Ну да, думаю. Чудо. В перьях. Но ничего не говорю. Я была совершенно счастлива.
В штабе на нас смотрели, как на неведомую иномирную диковинку — с ноздрями на коленях, например. С любопытством и легкой опаской.
Козерог говорит:
— А ты, все-таки, прешь буром.
— Нехорошо, — говорю, — по-твоему, да?
— Да не то, чтобы, — говорит, — у нас тут свободный мир. Для тебя это хорошо. Но ты можешь переманить Чамлина пилота, а Чамли может тебя пристрелить. Но ваще вы оба — в своем праве.
— Кто кого переманивал? — говорю. — Если у вас тут свободный мир, надо думать, как себя вести, чтобы твои подчиненные хотели с тобой остаться.
А Козерог хмыкнул и пробормотал что-то вроде «Ну-ну».
Рыжий в разговор не вмешивался — он сидел в уголке, под розовым светильником, и обнимался с двумя женщинами.

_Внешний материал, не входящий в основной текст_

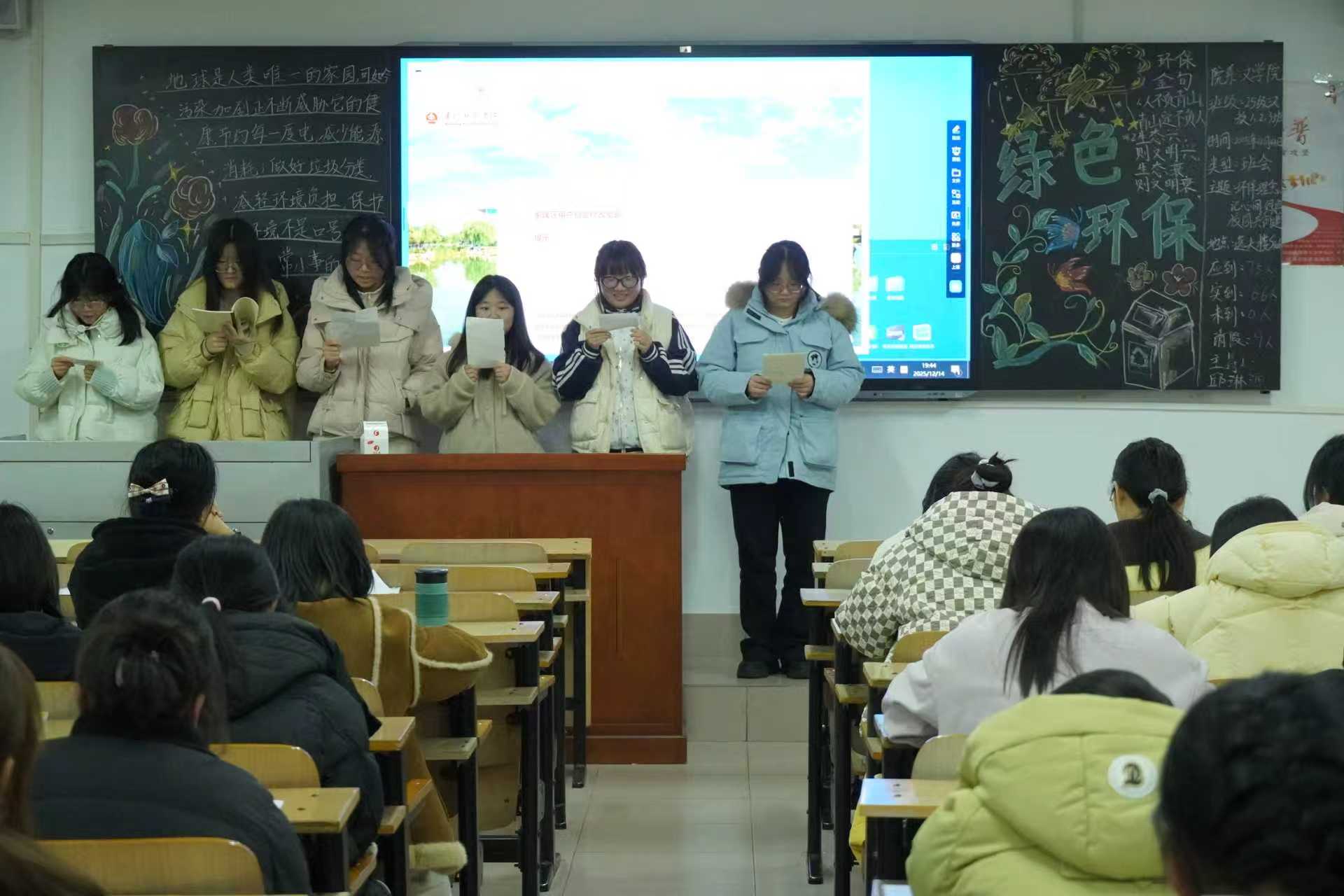 本网讯(通讯员秦婧妤李晨星闫玉涵/文黄梦瑶/图)为进一步增强学生对环境保护的认知意识、责任意识与实践意识,引导同学们将环保理念融入日常校园生活,12月14日晚,文学院在逸夫教学楼S306教室开展“环保理念记心间,绿色校园共创建”主题班会。会议由2025级学生辅导员田裕心主持,2025级全体学生参加。
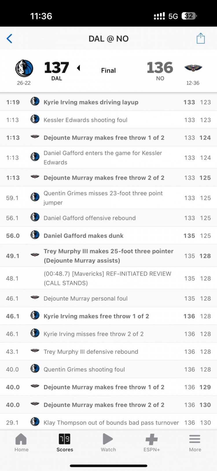 本场最后56秒加福德扣篮后独行侠领先到10分。但随后风云突变,鹈鹕打出一波11-2,最终独行侠1分险胜。
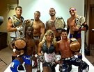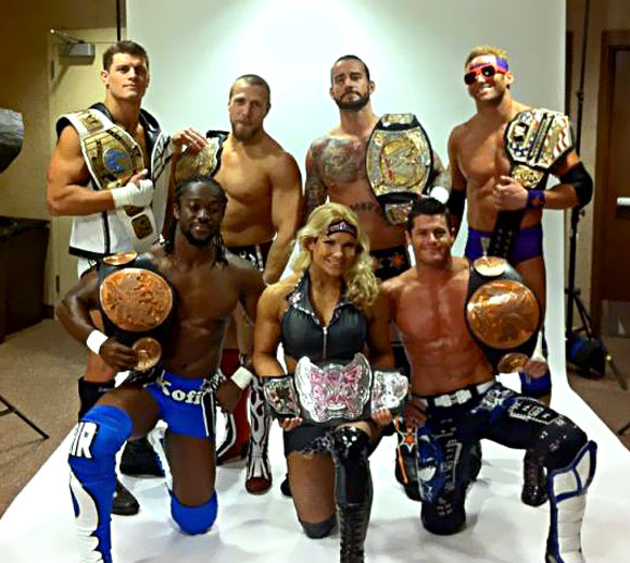 Légende: Cody Rhodes, champion intercontinental; Daniel Bryan, champion poids lourd; CM Punk, champion de la WWE, Zack Ryder, champion des Etats-Unis: Kofi Kingston, champion par équipe, Beth Phoenix, championne des Divas, Ecan Bourne, champion par équipe.

А если на меня и на Котика случайно смотрела женщина, то вид у нее делался, как у мортисянской госслужащей из департамента Службы Контроля — означал, что мы оба преступники, подлежим насильственной стерилизации и ссылке в генетически нестабильную зону, как носители признаков, не подлежащих передаче по наследству.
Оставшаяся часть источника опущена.